Collected data entries:

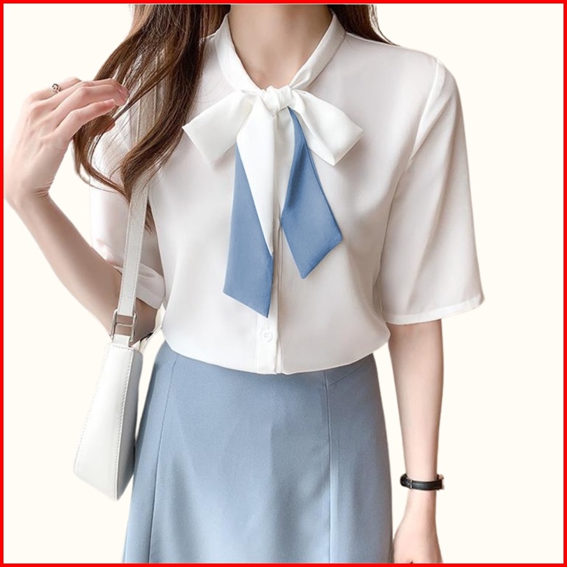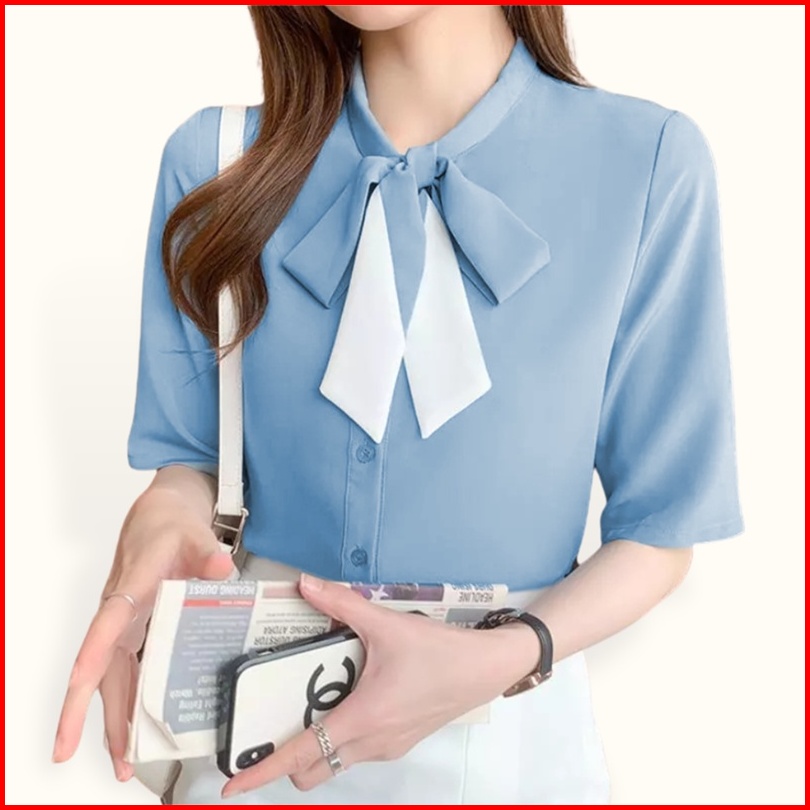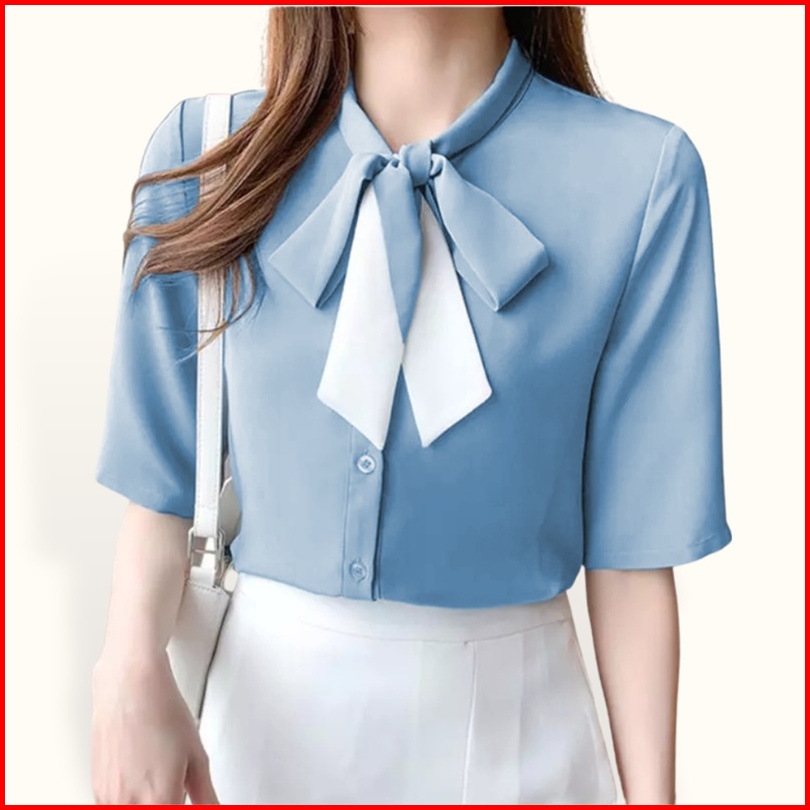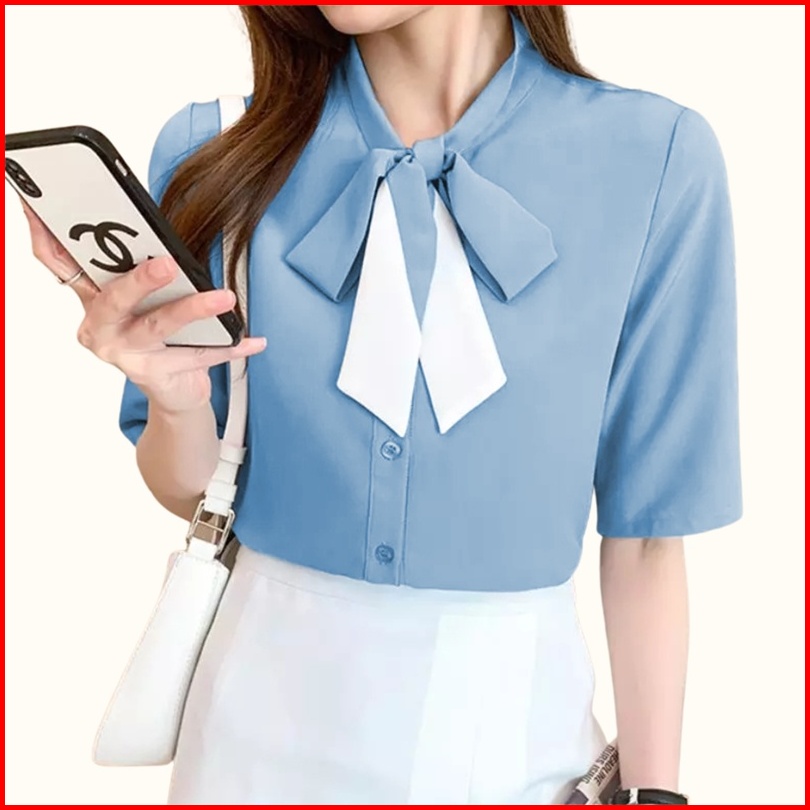 Kemeja Lengan Pendek Wanita Gaya Korea Variasi Pita Model Terbaru - Xshop Arshinta
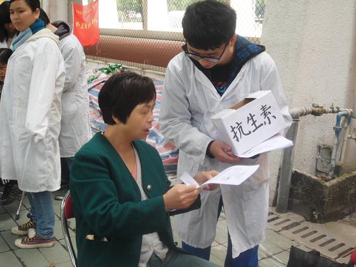 除常规的拔火罐、艾灸、推拿、耳穴、量血压等义诊活动外,本学期的周末社会实践活动中还增添了一项新项目——“合理使用抗生素,全民健康齐参与”知识有奖竞猜。活动一开始,我们的“宣传员”便带着厚厚一叠宣传单,走入人群中宣传抗生素使用的相关知识。想必宣传的效果不错,许多人在接受完我们的常规义诊活动后,主动参与了抗生素有奖竞猜活动。
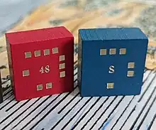 In 1972, Lance Gutteridge of Gamma Two Games originally planned on using six-sided dice to represent pieces and to provide for step reduction in combat strength. The high cost of dice led him to decide to instead use embossed wooden blocks showing 2, 3 or 4 steps in combat strength.[1] The first such block wargame was Quebec 1759, depicting the campaign surrounding the Battle of the Plains of Abraham.[2] Gamma Two Games later produced the block wargames War of 1812, simulating the war of that name, and Napoleon, simulating the campaign leading up to the Battle of Waterloo. In 1982, Gamma Two changed its name to Columbia Games.[2]
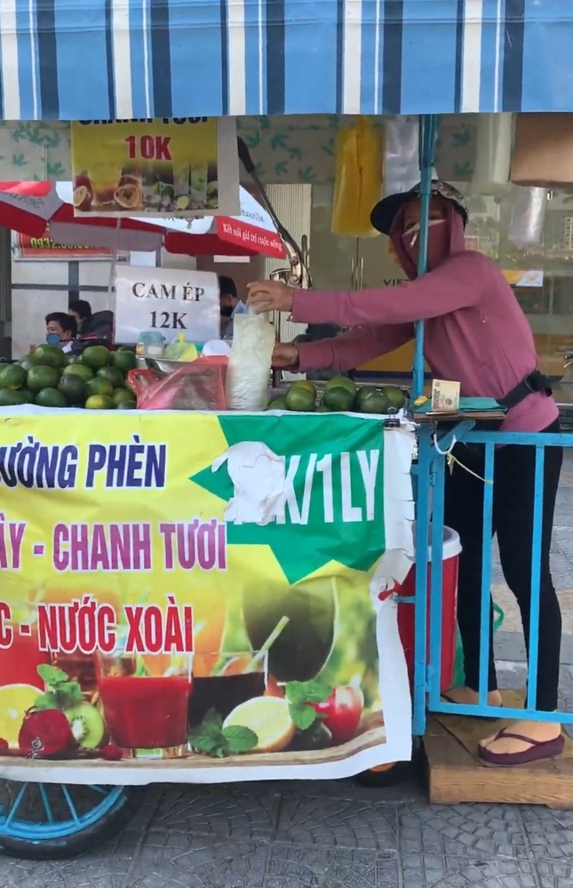 ダナン市内にはオレンジジュース販売を生業にしているおばちゃんが多くいます。
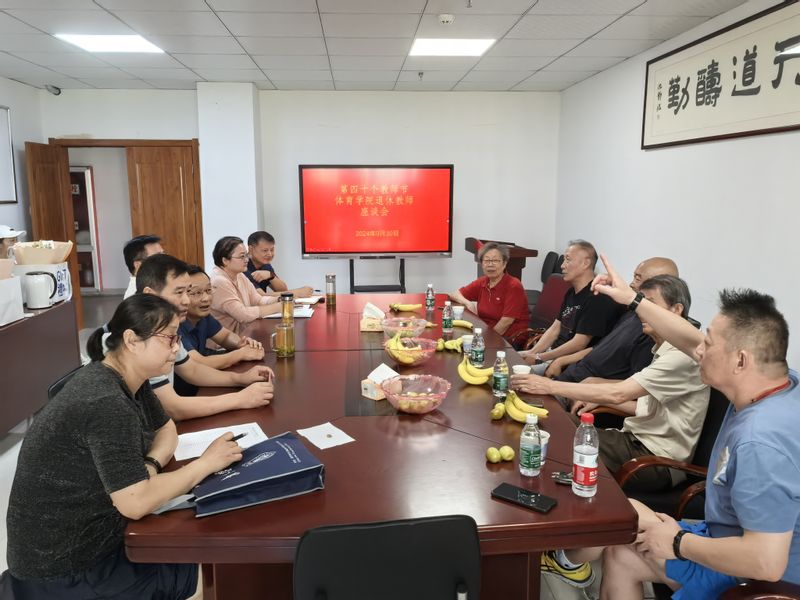 9月10日上午,学院邀请疏炉生、乔泽静、熊朴俊、唐争鸣、沈静波等5位退休老领导、老教师参加座谈交流活动。学院领导班子成员、分工会负责人及部分师生代表参加座谈。学院领导班子向老领导老教师表达了节日问候,介绍了学院近年来的发展成就,对老一辈的辛勤付出和卓越贡献表示由衷的感谢和敬意。老领导老教师对学院发展成就感到欣慰,回忆他们在体育学院工作和奋斗的艰苦经历和点滴记忆,对学院未来发展充满期许和祝福。学生代表为老领导老教师送上鲜花和纪念品表达节日祝福。学院领导班子带着鲜花和礼品走访了部分未能参加座谈的教师,为他们送上学院师生真挚的节日祝福。
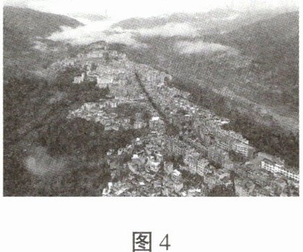 云南省绿春县城建在山脊之上,呈长条形(如图4所示),只有一条街,房子都集中在街道两边。没有十字路口,没有红绿灯。县城最窄处不足30米,最宽处也仅300米。结合所学知识,完成6、7题。
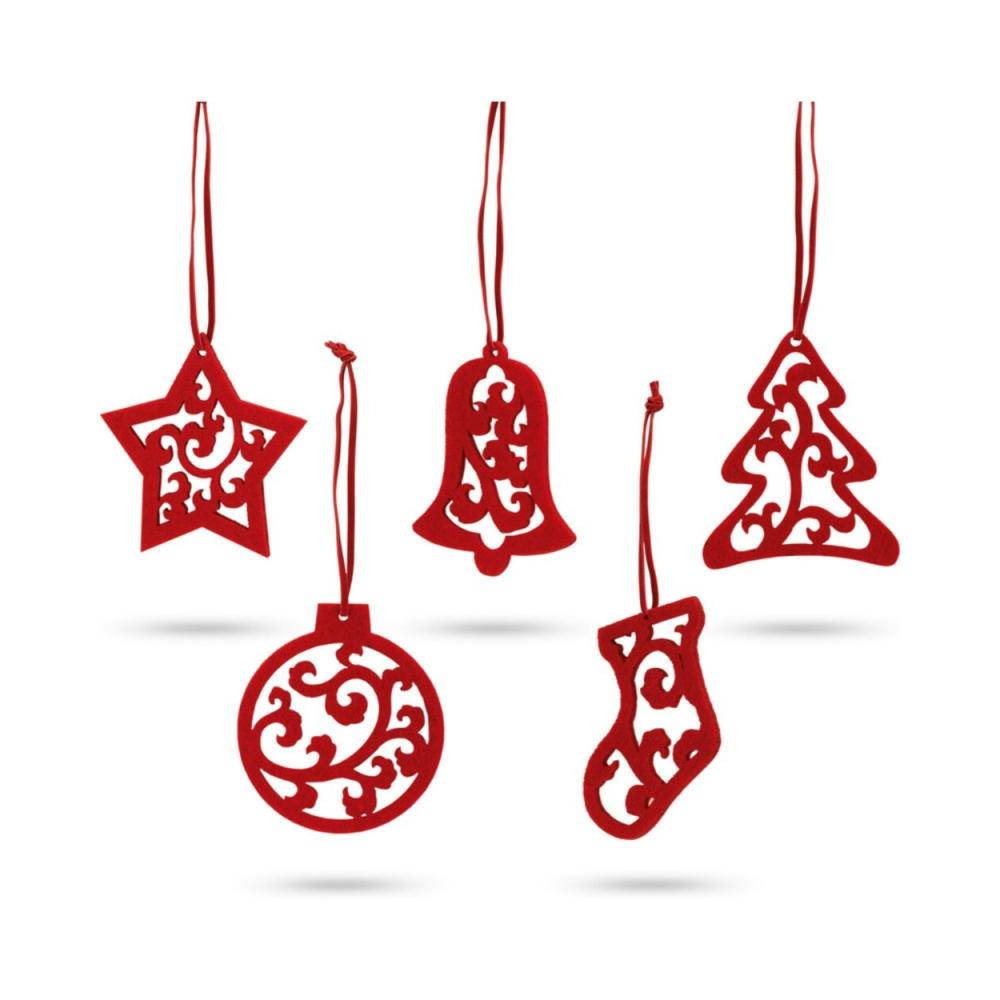 Набор новогодних игрушек "Jubany" от известного бренда hidea. Игрушки станут стильным украшением для Вашей новогодней елки и помогут создать праздничное настроение. В набор входит 5 игрушек разной формы, изготовленных из войлока красного цвета. Изделия оснащены тесьмой для подвешивания. Набор может также использоваться для украшения подарочной упаковки. Материал изделия - войлок. В наборе 5 украшений. Размер изделия - 80x80x3 мм.

* **EXERCISE DETAILS**: Begin the copy at the line containing "云南省绿春县城建在山脊之上,呈长条形(如" and end it at the last line of the records; transcribe exactly and exclude pictures.

* **WRITTEN SOLUTION**:
 云南省绿春县城建在山脊之上,呈长条形(如图4所示),只有一条街,房子都集中在街道两边。没有十字路口,没有红绿灯。县城最窄处不足30米,最宽处也仅300米。结合所学知识,完成6、7题。
 Набор новогодних игрушек "Jubany" от известного бренда hidea. Игрушки станут стильным украшением для Вашей новогодней елки и помогут создать праздничное настроение. В набор входит 5 игрушек разной формы, изготовленных из войлока красного цвета. Изделия оснащены тесьмой для подвешивания. Набор может также использоваться для украшения подарочной упаковки. Материал изделия - войлок. В наборе 5 украшений. Размер изделия - 80x80x3 мм.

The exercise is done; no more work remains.